Турка заерзал. Лена спокойно потягивала кофе. Лицо ее застыло, будто превратилось в маску, и она, как робот, подносила к губам чашку – а та едва заметно подрагивала.
– Мы на минутку-то заскочили. Сейчас погреемся, и того, еще кой-куда сходить надо. Темно, а что поделаешь? Насчет столовой уже договорились. Там поминки и будут. Дешево и сердито, а чего денежки-то разбазаривать? Им только бы нажратьси, алкашам! Свадьба, день рождения, похорона – без разницы. Тьфу! – женщина плюнула в раковину. Дядя Коля вышел из туалета, жамкая руками полотенце, и потопал в глубь квартиры, громко сопя, как боров.
– Давай на лестнице допьем? – сказала Лена. Она скорчила смешную рожицу и легонько прикоснулась пальцами к уху.
Захватили кружки, Лена надела обтягивающие лосины, сверху накинула пуховичок с капюшоном. Спустились на пролет ниже, устроились на подоконнике. Тут воняла маслом банка из-под сайры, набитая окурками.
– Как они меня достали, – шепотом сообщила Лена. – При них ни о чем нельзя говорить. Ох, спасибо тебе! Думала, с ума сойду. До сих пор голова кружится. Выпила не так уж много, там открытая бутылка была, остатки. Просто так на меня подействовала ситуация… Нервный срыв типа.
– Тебе точно лучше?
– Нет, – мрачно покачала головой Конова. – Лучше мне теперь будет не скоро. Короче, видишь, какие они? Деревенские… И еще Толик приедет, урод толстый. Все лето ко мне подкатывал. И дружки его вонючие, козлы, бухари. Короче, сброд.

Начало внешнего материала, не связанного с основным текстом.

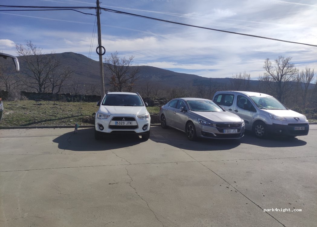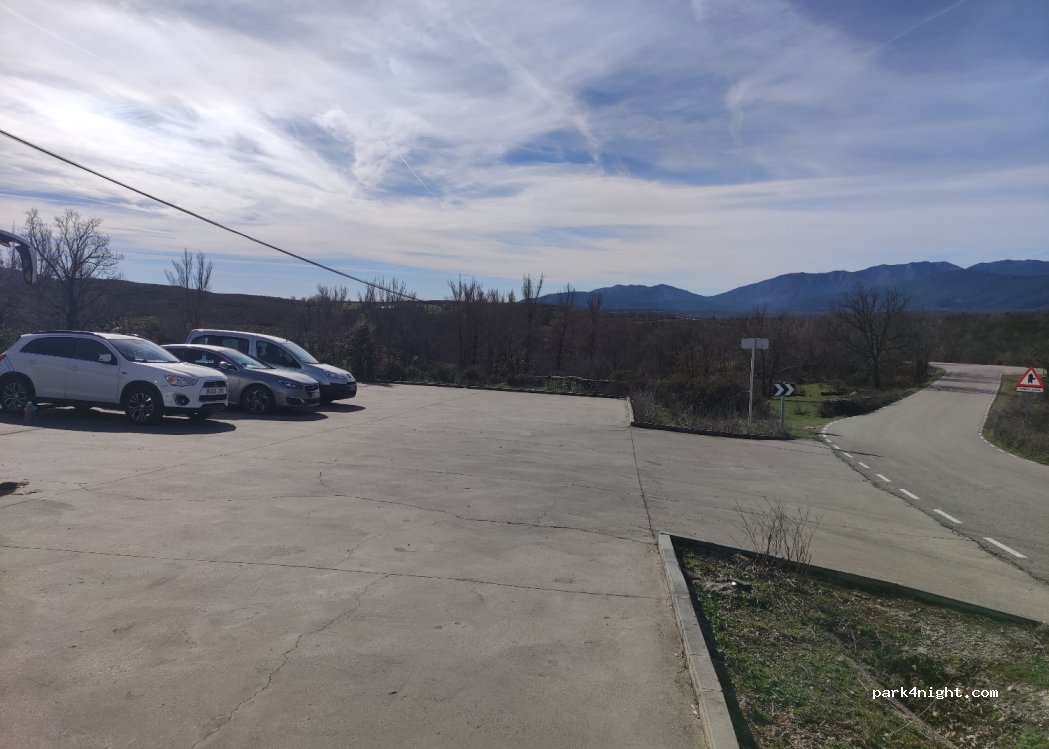 Parking pour véhicules avec espace pour camping-cars, quelque peu incliné mais avec de très belles vues. Sans services et gratuit. A côté d'une route mais avec très peu de circulation, très calme pour dormir
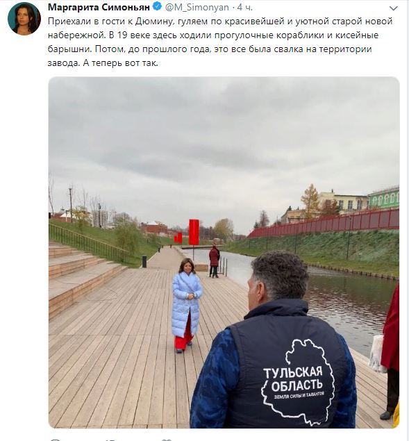 «Обещают настроить еще тут кафешек, а зимой — каток. Обязательно приезжайте погулять по модной и уютной новой Туле. Мы доехали за два с половиной часа», — написала Симоньян на своей странице в соцсети.
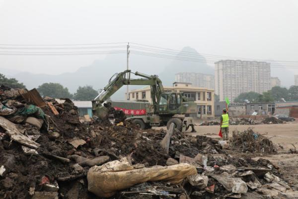 ↑8月11日,陆军第82集团军某工兵旅官兵在北京市房山区河北镇磁家务村清理泥土和垃圾。新华社记者李晓明 摄
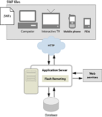 About using the Flash Remoting service with ColdFusionContents [Hide]Using the Flash Remoting service of ColdFusion, ColdFusion developers can work with Flash MX 2004 designers to build Flash user interfaces (UIs) for ColdFusion applications. Building Flash UIs requires the separation of user interface code from business logic code. You build user interface controls in Flash, and you build the business logic in ColdFusion. The following is a simplified representation of the relationship between Flash and ColdFusion: Planning your SWF applicationWhen you are planning ColdFusion application development with Flash UIs, remember the importance of separating display code from business logic. Separating display code from business logic enables your ColdFusion applications to interact with multiple client types, such as SWF applications, web browsers, and web services. When you build ColdFusion applications for multiple clients, your ColdFusion pages and components return common data types, including strings, integers, query objects, structures, and arrays. Clients that receive the results can process the passed data according to the client type, such as ActionScript with Flash, or CFML with ColdFusion. To use the Flash Remoting service with ColdFusion, you build ColdFusion pages and components or deploy Java objects. In ColdFusion pages, you use the Flash variable scope to interact with SWF applications. ColdFusion components (CFCs) natively support Flash interaction. The public methods of Java objects are also available to the Flash Remoting service. The Flash Remoting ActionScript API has been updated to comply with ActionScript 2.0. The ActionScript 2.0 version of the API consists of the following significant features:
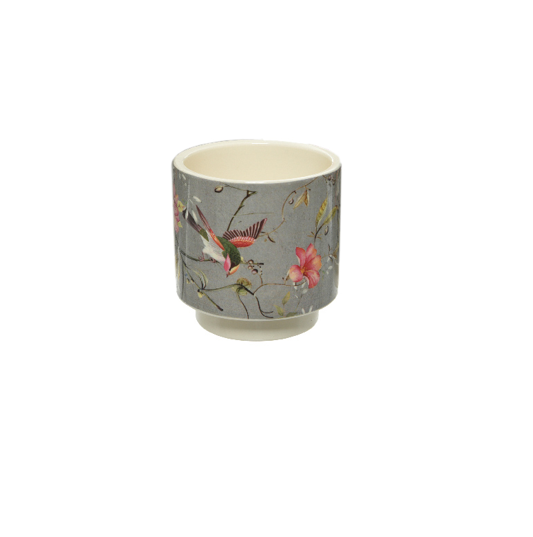 GREY PLANTER WITH FLOWERS Ceramic Φ10*10
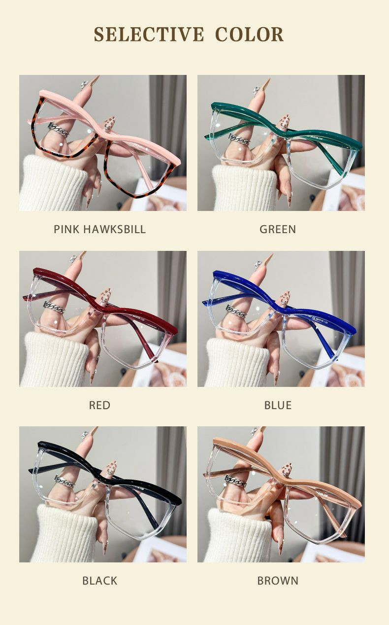 Lunettes anti-lumière bleue irrégulières avec monture œil-de-chat à sourcils du même style de célébrité d'Internet, nouveau style, lunettes unies polyvalentes et à la mode
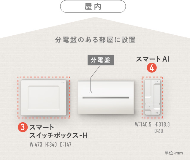屋内設置する③スマートスイッチボックス-Hの大きさは、横幅473mm・高さ340mm・奥行き147mm④スマートAIの大きさは、横幅140mm・高さ318mm・奥行き60mmとなり、分電盤の近くにそれぞれ設置されます。なお、スマートAIは上の測定ユニットと下のHEMSコントローラを分離できるため、スペースに合わせて柔軟な設置が可能です。
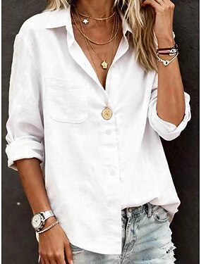 Жен. Рубашки из хлопка и льна Застегните кнопку вверх Длинные хлопковые топы Топ из хлопка белого цвета Карман Пуговицы Полотняное плетение Уличный стиль На каждый день Длинный рукав
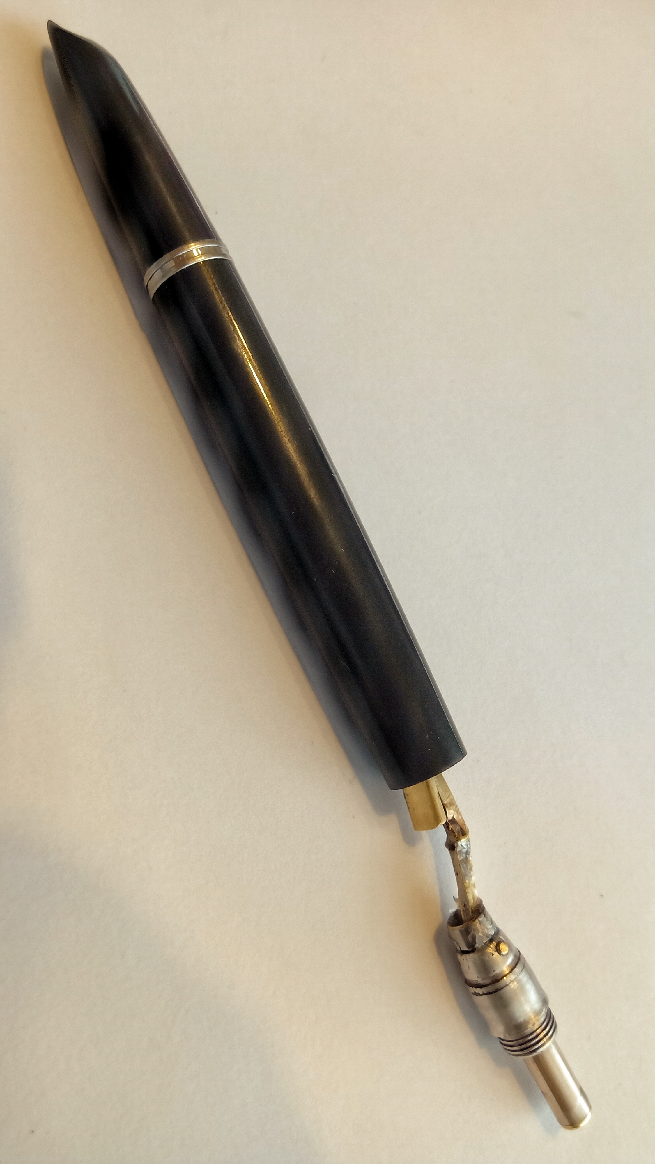 Then I had to fabricate the pulser, for which I used a replacement ballpoint pen stem and a brass screw to generate the pulser head. The screw was ground to the dimensions of the pen stem and I did a little rework on its end to give it a texture similar to Parker's pulsating Red Band. The button was sawn to generate the guides where it was going to slide, and a small ring was welded on the end to act as a travel limiter.
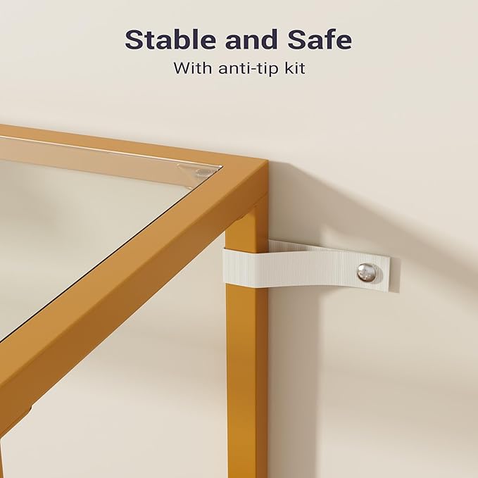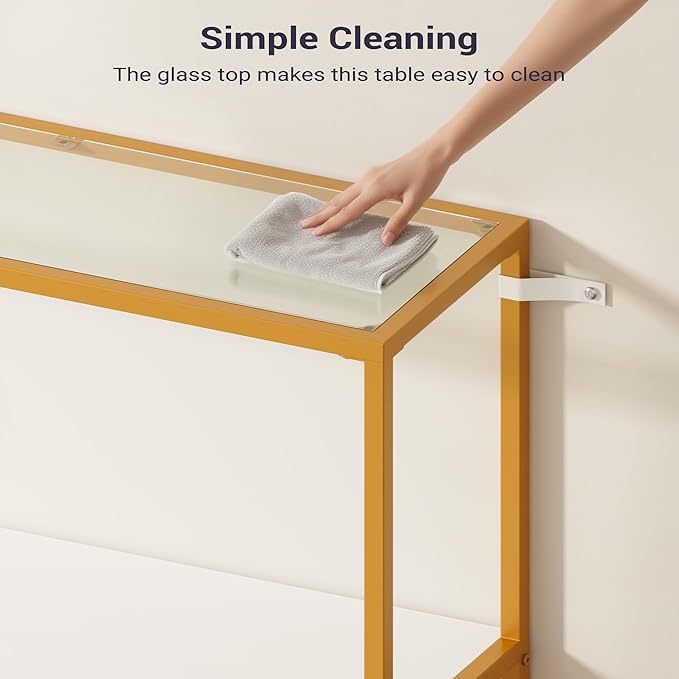 • Stable & Durable - Made with CARB/EPA Certified Wood for sturdy structure and prolonged lifespan. The thick tempered glass shelf and durable metal frame make the sofa table beautiful and safe
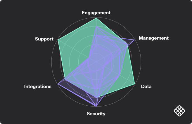As you can see by the graph comparing different online community solutions, Zapnito (highlighted in red) is the best all-rounder. Some online communities may not need this level of enterprise-grade functionality and support, but for B2B brands, this comprehensive offering provides everything needed drive long-term impact.
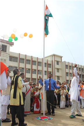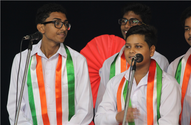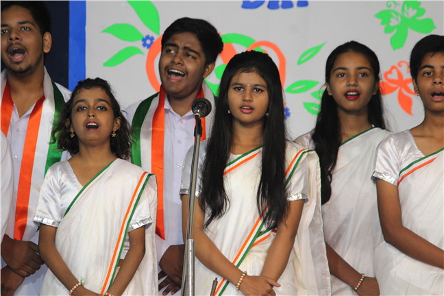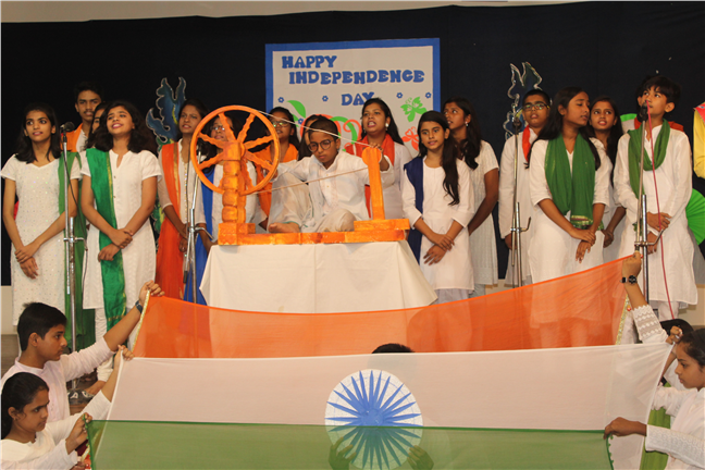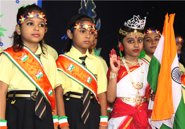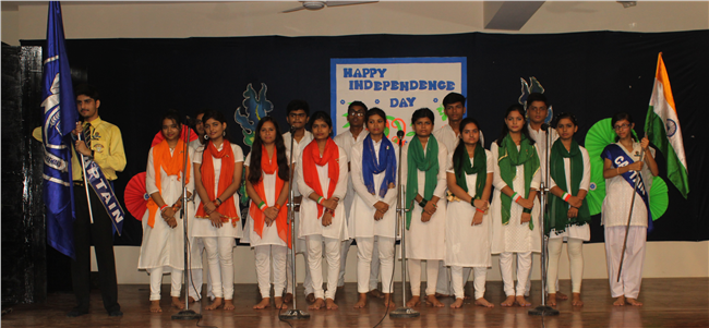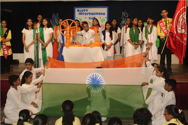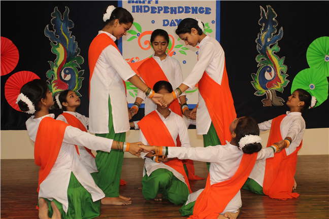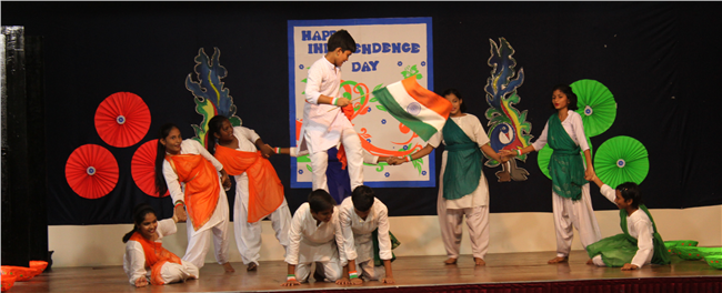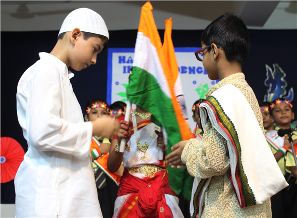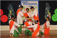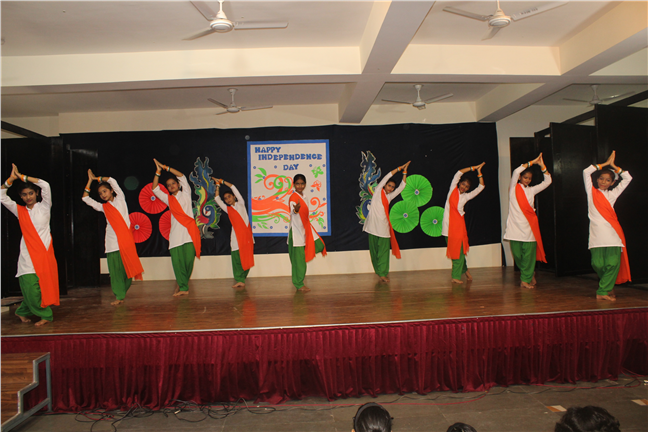 The Independence Day Programme commenced with the flag hoisting by the school principal and vice principal at 8 am on the school play ground. It was followed by a commendable cultural programme performed by the students. The four houses presented patriotic songs which instilled the spirit of country love. The primary wing students presented songs and group dance which added to patriotic fervour. The audience was addressed and blessed by Director Sir's speech. The hall thundered with excitement when the Principal conducted a quiz for the parents, teachers and students. The programme ended with the vote of thanks proposed by the vice principal.
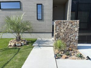 今回は流行であるガビオン門柱のある外構工事を作成しました。大きさや石の種類からこだわりました。 存在自体がおしゃれですね。
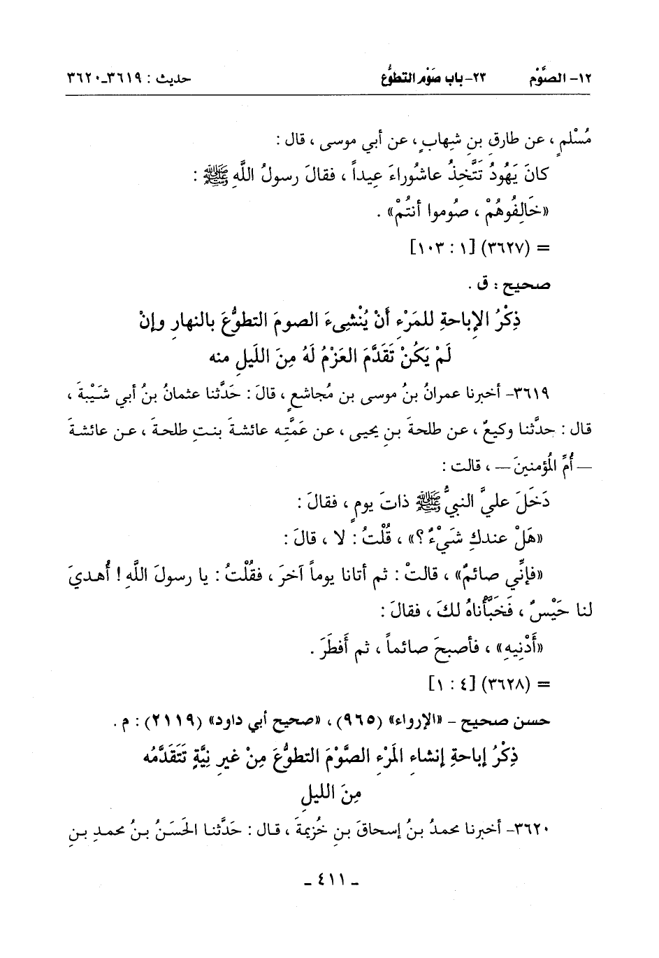 3620 - أَخْبَرَنَا مُحَمَّدُ بْنُ إِسْحَاقَ بْنِ خُزَيْمَةَ قَالَ: حَدَّثَنَا الْحَسَنُ بْنُ مُحَمَّدِ بْنِ -[412]- الصَّبَّاحِ قَالَ: حَدَّثَنَا رَوْحُ بْنُ عُبَادَةَ قَالَ: حَدَّثَنَا شُعْبَةُ عَنْ طَلْحَةَ بْنِ يَحْيَى عَنْ عَائِشَةَ بِنْتِ طَلْحَةَ عَنْ عَائِشَةَ قَالَتْ:
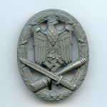 Generall assault badge produced by a still unknown maker. Slightly worn zink badge with faded finish. Good looking general assault badge in good condition, without damage or repairs. Recent finds have linked Funke & Brüninghaus to this design as possible manufacturer.
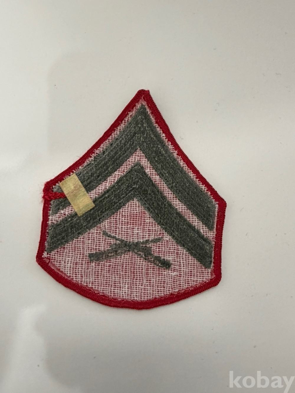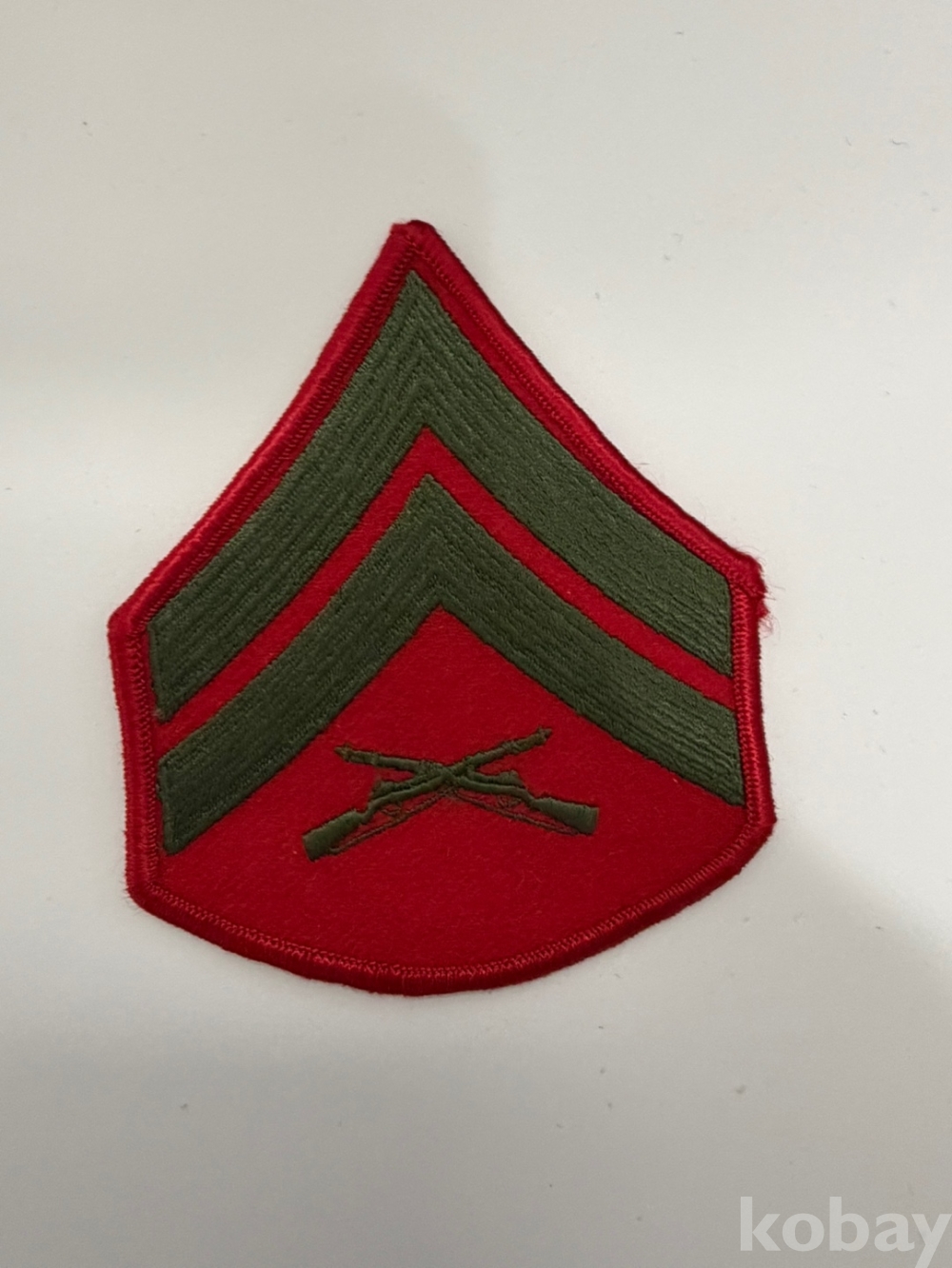 1. 미국 해병대(USMC) 하사 계급장인 랜스 코퍼럴(Lance Corporal, E-3) 골드 셰브론 패치입니다.
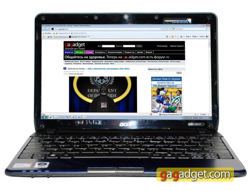 Экрану у ноутбука, по ощущениям, ничуть не отличается от модели Aspire One 751. Он глянцевый и маркий. Не советую касаться его пальцами — вытереть разводы потом крайне сложно и смотреться они будут неэстетично, то же самое касается и маркой поверхности вокруг дисплея. Углы обзора не выдающиеся, но смотреть кино (16:9 не зря все же) вдвоем-втроем будет вполне комфортно. Вообще, если говорить о разрешении 1366х768, то мне иногда не хватает высоты для просмотра сайтов, но это не в пример больше надоевшего уже разрешения 1024х600 у всех поголовно нетбуков, и для 12-дюймовых моделей его можно назвать оптимальным. Делать разрешение экрана выше уже нет особенного смысла (при всей моей любви к высокому разрешению), поскольку это приведет к тому, что текст перестанет быть читаемым и потребует (как, например, в случае с Sony Vaio P) установки в настройках системы шрифта в 120-150%.
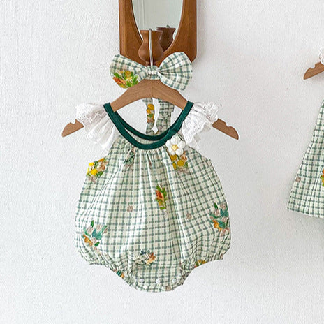 Summer Girls Plaid And Flowers Pattern Sleeveless Hollow Out Lace Strap Onesies

Свалю, уеду куда-нибудь. На море, может быть. А ты ко мне потом приедешь, летом. А то здесь отстой один, как будто весь город сделан из слякоти.
– Вспомнила она про лето. Новый год скоро, – сказал Турка. – А я никогда не был на море. Все как-то денег нет у родичей. То одно, то другое.
– Поехать бы вдвоем! – мечтательно протянула Лена. – Хотел бы?
– Еще бы! Да ты так не переживай, – сказал Турка и сделал глоток. Кофе уже остыл, но над кружками вилась дымка пара. – Образуется все как-нибудь. Если Толик этот полезет, то мне скажешь, поговорю. И это, даже думать не смей про «мама, забери меня».
– Легко тебе говорить! Просто мне все надоело, а теперь еще и тети нет. Ну, кому я нужна? Когда вот такая погода и приближается Новый год, кажется, что весна никогда не настанет. Иногда мне снятся страшные сны. Снятся сны, что мне не дожить до весны… Снится, что вовсе весна умерла.
– Ты что, вообще? – округлил глаза Турка.
– Это песня. Смысловые галлюцинации.
– Мне, Лен… Ты нужна мне. Это, про вены… Даже не думай. И больше «травку» не кури, ладно? У тебя есть я. Правда же, ну?
Они обнялись и долго стояли, глядя в темноту за окном. Напротив, один за другим зажигались желтые прямоугольники окон.